Is there a windows executable, somebody that does the compiling of your sources?
I remember I installed it from an executable, but now I cannot find it in your github place or anywhere.
If there is no option to download an executable, I will see if I can compile it for windows.
Then I will make some test with photos I don’t have good results in filmic and try with both.
@jandren should I put them here or better in a separate thread in the play raw space?
I think it may be better in play raw and here just a link to it, so others can contribute there.
As you say, it is obvious that the information in the photo has to be compressed to fit the output device (screen, file or print) as almost alwasy it has less DR.
So you have to loose details.
In the case of DT and the nonbounded space that compression may be more important.
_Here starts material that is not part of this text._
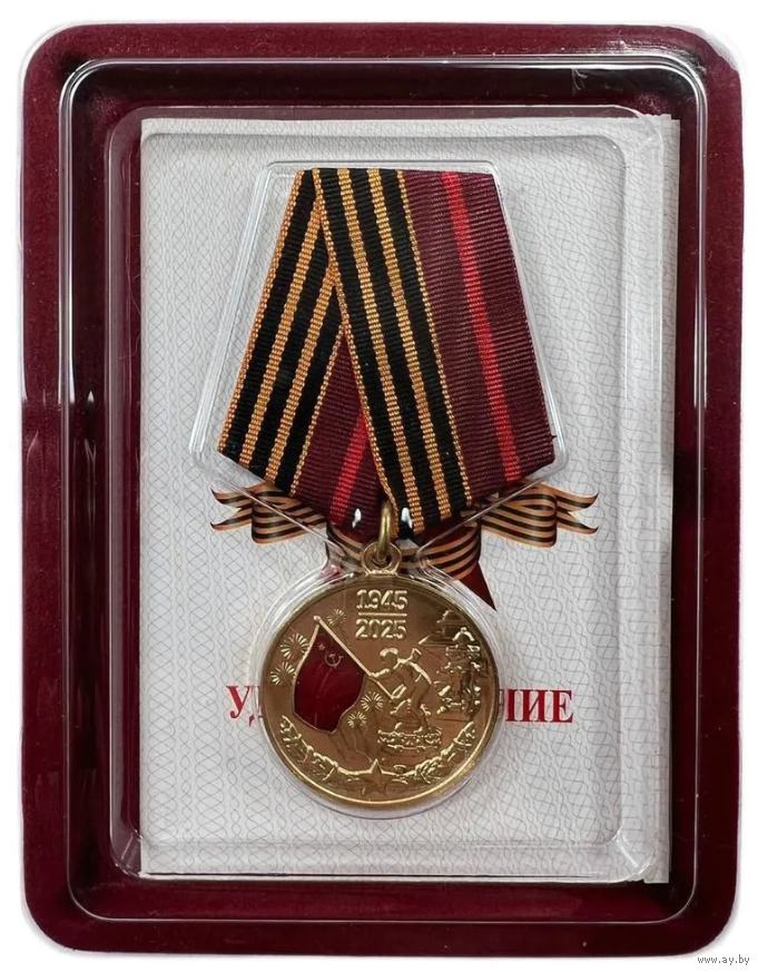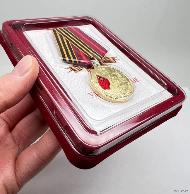Юбилейная медаль с удостоверением, подарочный футляр из флока. Производство РФ.
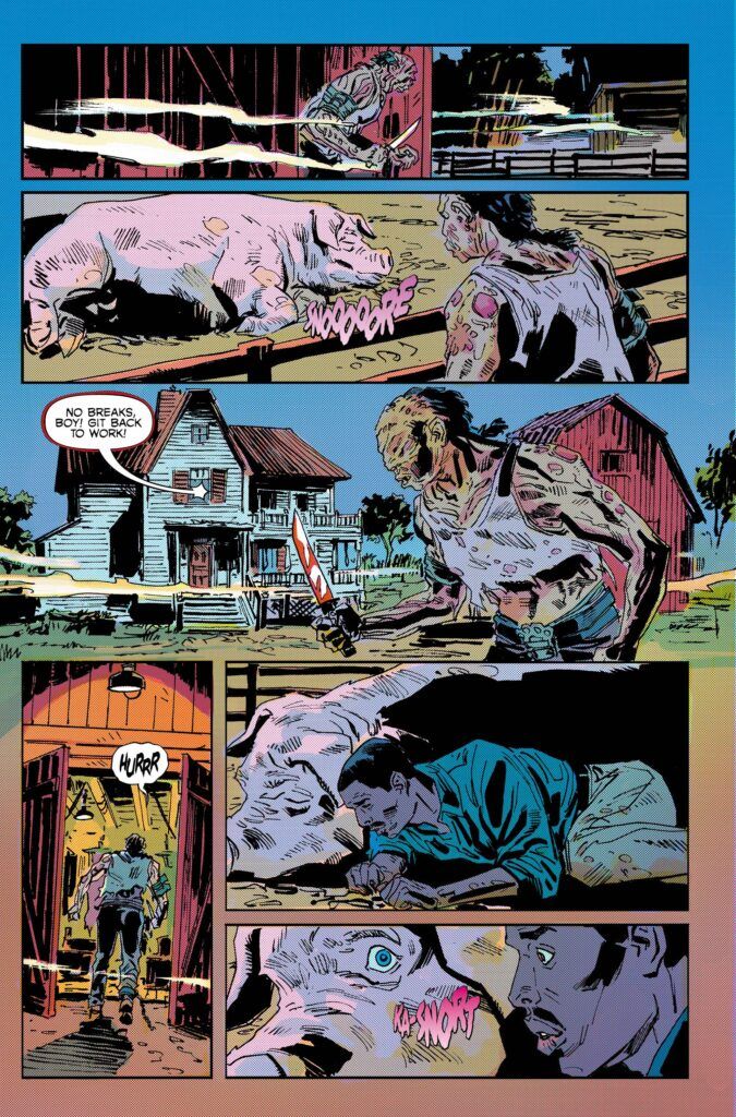 The artwork by Dean Kotz is particularly noteworthy, capturing the gritty reality of the farm while maintaining the kinetic energy required for a horror chase. Allison Hu’s colors bring a muted, oppressive palette that mirrors the in-game experience perfectly.

Filmic opts for giving the most importance to the midtones and compresses highlights with the curve in a way that in some photos makes you have no details in sky with clouds, for example, when you are back iluminated scene.
That is why having other ways of doing scene to screen conversion would be helpful.
Even if there is a way to get it in filmic it is not an easy way and has too many sliders to be able to configure it properly.
Mapping [0-inf] to [0-255] is a bit like projecting the sphere over a plane: there is no perfect way of doing it and each way is suitable for a need.
Cilindircal projections are great for latitudes near ecuator, but of no use if you are organizing a polar expedition.
From a user stand point of view (I don’t know the technical details that seem to make your module somehow not compatible with the new modules) it seems not all that difficult.
This modules is in the final steps, so you just select it and deactivate filmic.
If you like it more, you use that module, and if it creates some eflaws like changing color a bit, you try to counteract it using other tools below it (or above it).
If it gets a better result (to the user taste) with less effort in that photo, you use it.
The tests I did let me think sigmoid was promising being it easier to get better results in skies.
Having to use two installations of DT with two databases renders sigmoid to be used just for testing or very specific use in the most problematic photos, as you can’t be back and forth between both.
If you can select among sigmoid and filmic, and you are providing upgrades, I think a solution would be to use your distributions and have both worlds.